127 Apocalypse Now with Father Mark Kowalewski

This podcast conversation with Fr. Mark Kowalewski, dean of St. John’s Episcopal Cathedral in Los Angeles, needs a longer introduction than usual because it might, at first, seem off-topic. But I think it’s safe to say that within the DNA of the urban homesteading, permaculture and ecological movements is a concern with how the world might end and the possibility of either hastening, postponing or avoiding the collapse of human civilization. Then there’s the fact that a significant portion of U.S. government officials believe in some form of a “rapture.”

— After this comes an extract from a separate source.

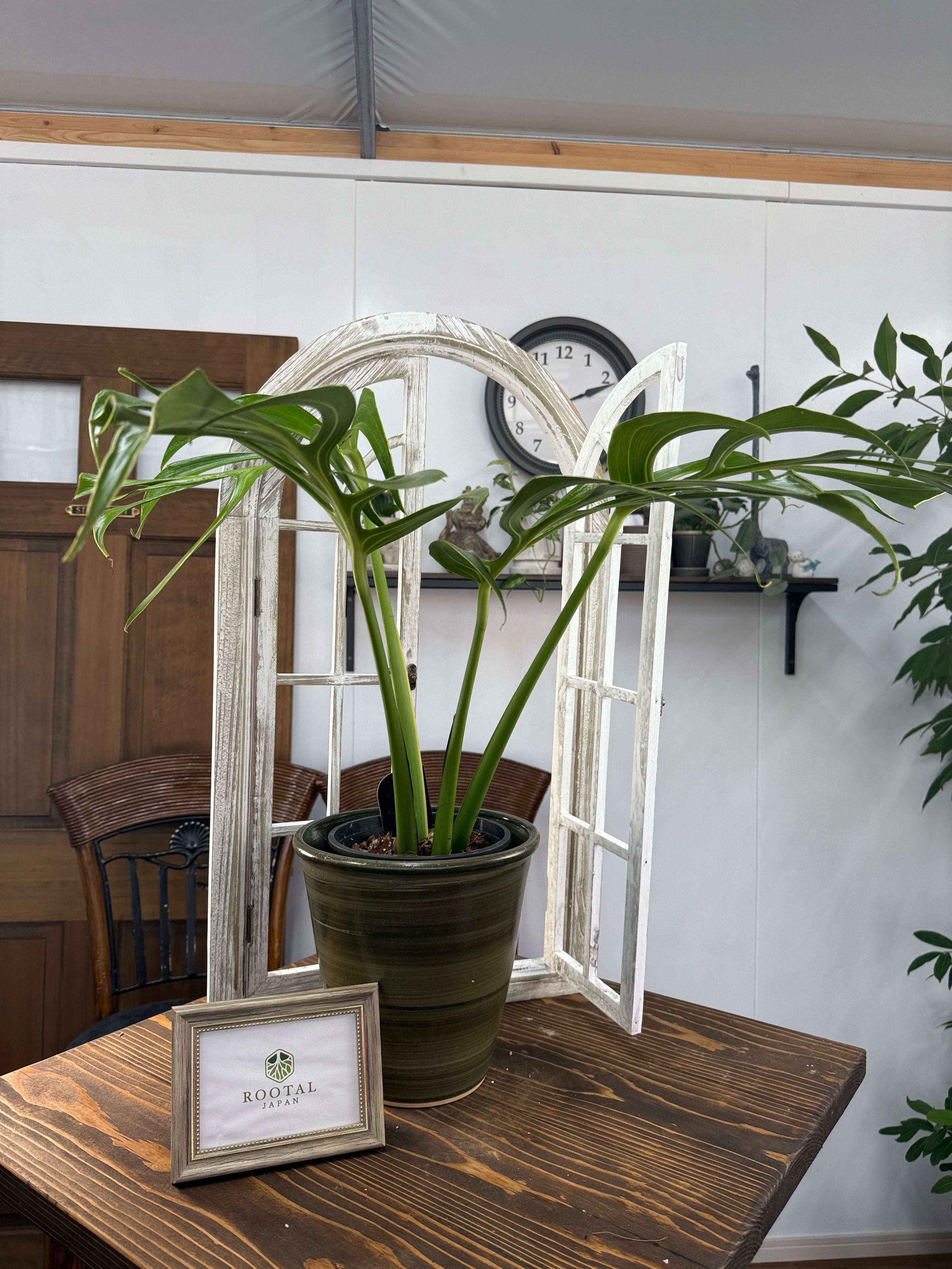 モンステラ バールマルクスフレームは、個性的な葉の形状が特徴的な観葉植物です。その美しい緑色がインテリアにエネルギーを与え、どんな空間にも絶妙に溶け込みます!育成が簡単で、初心者の方でも安心して育てられますので、この機会にぜひお迎えください。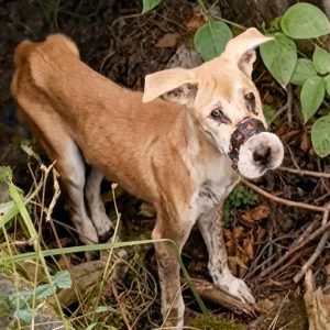 Without a second thought, the rescuer climbed down into the brush and gently scooped her up. Having no crate or blanket, they carefully placed the fragile pup into a small shopping bag, hanging it around their neck to keep her secure and close to their heart.

Of course there are many divergent opinions on the nature of this end, everything from climate change, to energy depletion, to nuclear war to more fringy ideas such as near term extinction. I’ve always been interested in the stories that our cultures tell about the end of the world and what those stories say about present realities. Behind, on one end, the grim future of Mad Max, to another extreme, the techno optimist Mars colony fantasies of Silicon Valley executives is a ghost that haunts our imaginations about the end of things. That ghost, at least in the West, is John of Patmos and his hallucinatory book of Revelation.

Fr. Mark Kowalewski

I think it’s unfortunately too rare in our culture these days to consider the theological underpinning of the stories we tell. In this conversation Fr. Mark discusses everything from mainstream, orthodox views of apocalyptic literature to fundamentalist and evangelical notions of a “rapture.” We conclude with what these stories tell about our relationship to creation and to human culture. During the podcast Fr. Mark references:

If you’d like to leave a question for the Root Simple Podcast please call (213) 537-2591 or send an email to [email protected]. You can subscribe to our podcast in the iTunes store and on Stitcher. Closing theme music by Dr. Frankenstein. A downloadable version of this podcast is here.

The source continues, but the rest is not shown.